Standards of Attraction

    Ryan

    What is it we take into account when we judge another person, based on our physical standards? Is it a scale of one to ten? Maybe, it’s dependent on the age factor “What will they look like in ten, twenty, thirty years?” Then again it could be a matter of body over facial feature “They do have a hard body, but not so pretty in the mug.”

    No matter how you look at your search for that special someone, looks do matter. However, we’ve become so conditioned by the entertainment industry and social media that we tend to hold our standards too high. Where is the bar, and when do we hit it if it continues to be raised a little more each time?
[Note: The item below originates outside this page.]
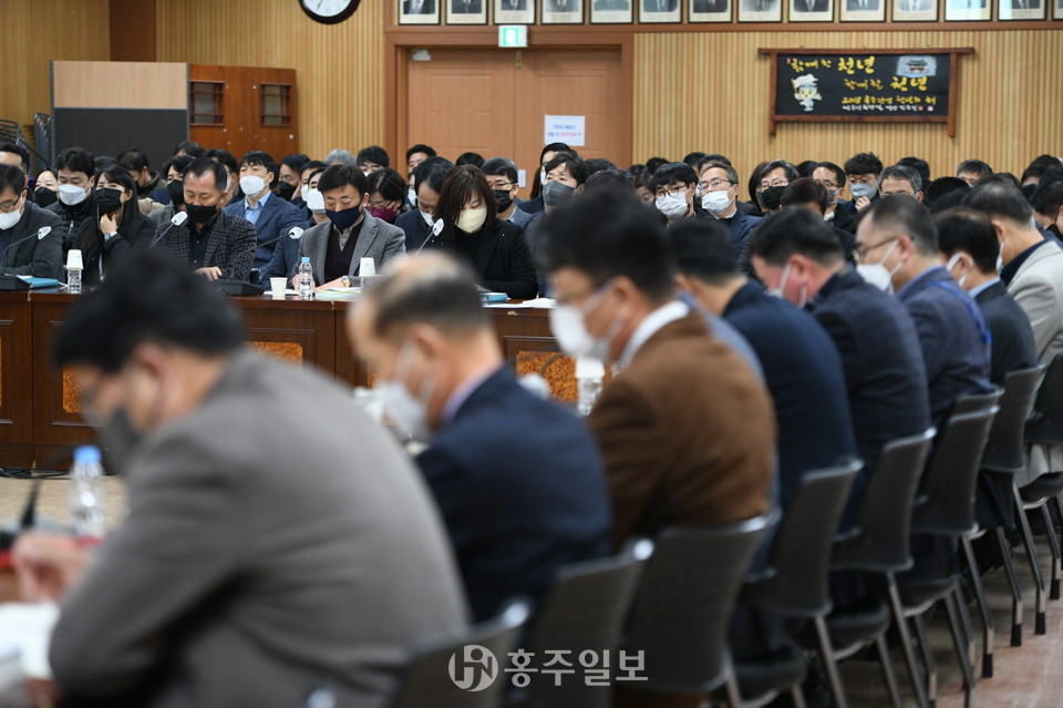 이용록 홍성군수와 정한율 부군수를 비롯한 각 부서장, 담당자 등 150여 명이 참석한 이날 보고회는 주요 현안 사업에 대해 이용록 군수가 부서장, 팀장에게 사업 추진경과와 문제점, 해결방안 등에 대해 질의하고 답하는 토의 형식으로 진행됐다.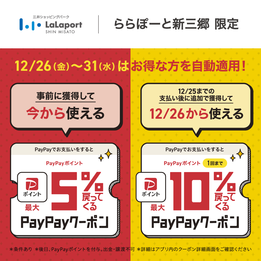 更に、12/12(金)~12/25(木)の期間、ららぽーと新三郷の対象店舗にて「PayPay5%戻ってくるクーポン」をご利用いただくと、最大10%分のPayPayポイントが後日付与されるクーポンを配布いたします。

    I will be the first one to admit I do have physical standards of beauty. However I do not obsess on perfection. I look at my standards as a reasonable balance in what I am looking for in a relationship. I’m sure we have all heard the advice that the First Impression is Always the Most Important, well when it comes to meeting someone to date physical attraction is usually the catalyst for the approach. The simple fact is that we all want to be with someone we are attracted too, and who in turn is attracted to us.

    “But isn’t what’s on the inside more important than what’s on the outside?” one would ask. My simple answer would be no. There must be a balance. If you entered a relationship strictly on the basis that someone is attractive, it’s quite possible they might be a soul sucking demon on the inside. On the other hand, if you had only the emotional attraction and yet could not find the person sexually arousing it would complicate the relationship from a lack of physical intimacy. It’s sad but true. However we often forget the age old adage that “Beauty is in the Eye of the Beholder.”

    We are all a little narcissistic in our own ways, so we either feel we’re hot stuff or never good enough. But, our physical beauty is a subjective judgment made by those around us. So our physical standards are in turn subjective of the person we are attracted too.

    Let me break down my standards in terminology that is extremely simplistic and almost crass. Would I kick them out of bed? If the answer is no, then they meet my standards. Though I use a “Closing Time” formula as an example, it’s better than asking the question “I wonder what they look like naked?” or “How do I get them into my bed?” Which sadly is what a lot of us find ourselves doing at times?

    It’s very hard to find that balance, but it is achievable if we stop raising the bar every time our standards are met. Good luck out there folks.